Friday, September 20, 2013

IEAFCS Michigan Bus Trip--Day 1

After traveling the length of Illinois to pick everyone up--Mt. Vernon, Effingham, Champaign, and Matteson-- a bus loaded with 29 IEAFCS members and friends headed further north.

Lunch was at Cracker Barrel in Hammond, Indiana, and dinner was at the W. K. Kellogg Manor House Estate near Kalamazoo, MI. This "summer home" was built by W. K. Kellogg and his wife in 1925. From 1944-1950 it was used as a rehabilitation center for the Percy Jones Army Hospital, and was eventually donated by the Kellog Foundation to Michigan State University. It has been developed into the Kellogg Gull Lake Biological Station. We learned lots of other interesting information about the Kellogg family, and enjoyed a delicious meal--one of the best of the trip!

                                                                                  
After dinner, the group headed to the Western Michigan Art Glass Center. This mural on the outside wall caught the attention of some of
our former Nutrition & Wellness Educators. The wording on the large jar is: "I could have watched her hands all day, peeling the tomatoes, squeezing them to extract the last drop of summer from each one. She shuffles around the hot kitchen, trying to find the jars her mother gave her, swinging her hips with the same motion, the same full anticipation, as a ripe tomato on the vine, skin pulled tight, against the hope of preservation, the peeling down of generations, the same glass jars for each one." Meredith Adams.

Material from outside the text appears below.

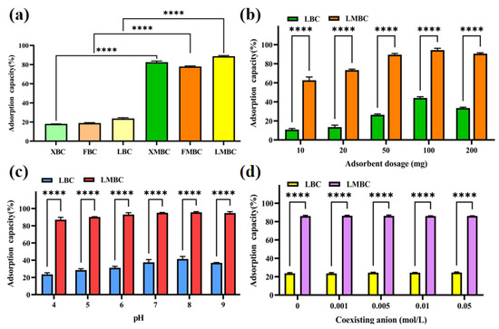 (a) Effect of biochar and magnetic biochar prepared by different aquatic plant species; (b) effect of biochar and magnetic biochar dosage; (c) effect of initial pH; and (d) effect of ionic strength. “****”: the number of asterisks denotes the level of statistical significance, with four asterisks indicating a p-value of less than 0.0001, signifying a highly significant difference between LBC and LMBC.

Instructors at the Art Glass Center then helped everyone design a coaster or sun catcher made of pieces of glass. Some toiled very diligently on their individual works of art.

          

Others spent some of their time learning to play a Kazoo. Remember we were in Kalamazoo!

However, in the end there were many beautiful designs that were left to be fired in the kiln and mailed later. Then it was back to the hotel for a good night's rest.